Den norske forfatter Karl Ove Knausgård er aktuel med romanen "Min kamp" på dansk.

Situada no meio de um descampado em muitos quilômetros, em que ninguém está por perto para ser vizinho, existe uma pequena casa. Ela fica às margens da BR 392, quase chegando à cidade de Pelotas, desencontrada na paisagem e, talvez por isso, tão marcante. Quando coloquei o olho na capa da obra foi essa paisagem que, imediatamente, apareceu em algum tipo de memória subjetiva. Primeira parte da trilogia Minha Luta, do norueguês Karl Ove Knausgård, a imagem da capa remete a uma mesma casa solitária, perdida em algum ponto da história, completamente solta na paisagem. Ler a história de Karl, que é contada em seis volumes, se transformou numa aproximação dessa casa, da vida real e a da imagem que estampa a edição lançada no Brasil. Criar um sentido, para algo real a partir de um livro, dar carne e algum tipo de alma, foi uma experiências tão nova quanto involuntária.

Aconteceu. Quando dei por mim, tava ali.
Escrito enquanto biografia, A Morte do Pai resume no título a situação-chave que ocorre no livro. Já sabemos que ocorrerá a “morte”, não existe propriamente uma surpresa, por isso o interesse está em acompanhar o significado desse acontecimento na vida do protagonista. E não um significado após o ocorrido, mas como alguém elabora uma imagem, uma representação paterna, que irá ser acessada imediatamente à morte. Acompanhamos o protagonista em sua infância e juventude construindo essa relação com o pai, que foi muito mais presente na sua criação do que a mãe, projetada com doçura pelo filho incapaz de perceber sua ausência. É o pai a figura central, por isso é a partir dele que sensibilidades virão à tona para serem incorporadas, ou repelidas dentro de um caráter em formação, como é o de Karl Ove Knausgård nessa primeira parte do romance. E o protagonista/autor sabe disso, dessa influência, por mais que a rejeite. O duro é que ele sabe…

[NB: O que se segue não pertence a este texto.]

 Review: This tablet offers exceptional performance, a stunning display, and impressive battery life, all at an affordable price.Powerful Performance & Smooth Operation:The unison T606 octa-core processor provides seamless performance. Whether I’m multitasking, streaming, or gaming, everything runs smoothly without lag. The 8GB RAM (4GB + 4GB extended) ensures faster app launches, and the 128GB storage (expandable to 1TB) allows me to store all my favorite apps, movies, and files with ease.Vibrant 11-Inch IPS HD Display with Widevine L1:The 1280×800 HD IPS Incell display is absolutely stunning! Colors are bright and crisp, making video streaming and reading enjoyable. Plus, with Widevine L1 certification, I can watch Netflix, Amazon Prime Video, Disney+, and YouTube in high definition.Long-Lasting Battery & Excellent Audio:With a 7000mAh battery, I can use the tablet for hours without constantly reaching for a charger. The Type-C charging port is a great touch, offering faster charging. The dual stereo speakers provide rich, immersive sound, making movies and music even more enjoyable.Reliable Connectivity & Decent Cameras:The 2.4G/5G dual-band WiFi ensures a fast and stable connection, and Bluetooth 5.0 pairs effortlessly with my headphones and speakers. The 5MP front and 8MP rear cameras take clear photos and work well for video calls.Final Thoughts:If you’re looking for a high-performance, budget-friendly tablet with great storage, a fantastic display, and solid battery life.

Observar a intimidade alheia sempre incomoda, mesmo que você seja convidado a isso. Por isso existe uma agonia no livro, uma emergência que torna ele cada vez mais denso à medida que o autor expõe mais e mais a si mesmo – assim como o tamanho que o pai ocupa na sua escrita enquanto autor, e na escrita de si como sujeito no mundo. A intimidade mais exposta de todas é a morte, como ela é organizada dentro da vida de alguém, como ela se inscreve e é processada ao longo da trajetória das pessoas.

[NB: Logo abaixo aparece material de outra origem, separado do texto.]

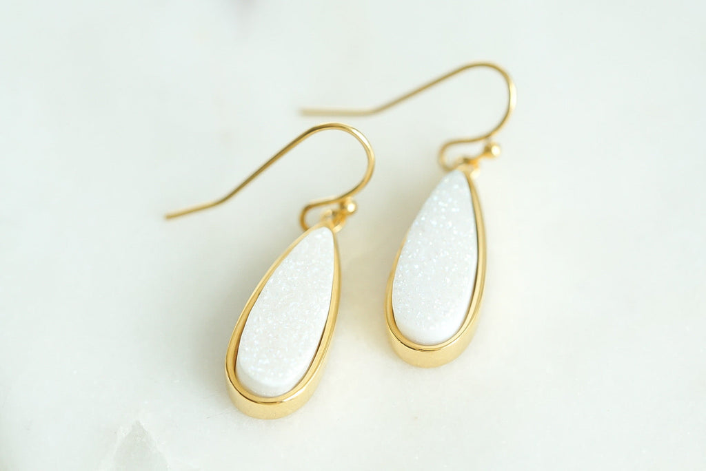 Gold And White Hypoallergenic Nickel Free Dainty Drop Earrings. Custom Druzy Raw Natural Quartz Stone Accents And Designed With Love In Texas. Size 1 Inch Length x 0.25 Inches Width With Custom Sizing Available On Select Pieces.

Para o coração a vida é simples: ele bate enquanto puder. E então para. Cedo ou tarde, mais dia, menos dia, cessa aquele movimento repetitivo e involuntário, e o sangue começa a escorrer para o ponto mais inferior do corpo, onde acumula numa pequena poça, visível do exterior como uma área escura e flácida numa pele cada vez mais pálida, tudo isso enquanto a temperatura cai, as juntas se enrijecem e as estranhas se esvaem. Essas transformações das primeiras horas se dão lentamente e com tal constância que há um que de ritualístico nelas, como se a vida capitulasse diante das regras determinadas, um tipo de gentlemen’s agreement que os representantes da morte respeitam enquanto aguardam a vida se retirar de cena para então invadirem novo território. (p. 7)

Esse é o primeiro trecho do livro, que é arrebatador, resume a forma do protagonista pensar a morte. Ou, pelo menos, tenta dar um aspecto objetivo que tende o ofuscar qualquer outra possibilidade de entendimento pra si mesmo desse acontecimento. Em diversas instâncias a “morte” participa da nossa vida, mas ela possui formas diferentes de se manifestar, e numa elaboração precisa do que seria o seu sentimento quanto a isso, o autor expõe:

Ela está a nossa volta, somos sufocados por notícias de mortes, imagens de mortos, pois a morte nesse sentido, não conhece fronteiras, é maciça, onipresente, inexaurível. Mas essa é a morte como representação, a morte sem corpo, a morte como pensamento e imagem, a morte como espírito. Essa morte equivale à palavra “morte”, a entidade sem corpo a que nos referimos quando evocamos o nome de um morto. Pois, enquanto a pessoa vive, esse nome se refere ao seu corpo, ao local onde reside, àquilo que faz, com a morte o nome se separa do corpo e permanece entre os vivos…  (p. 208)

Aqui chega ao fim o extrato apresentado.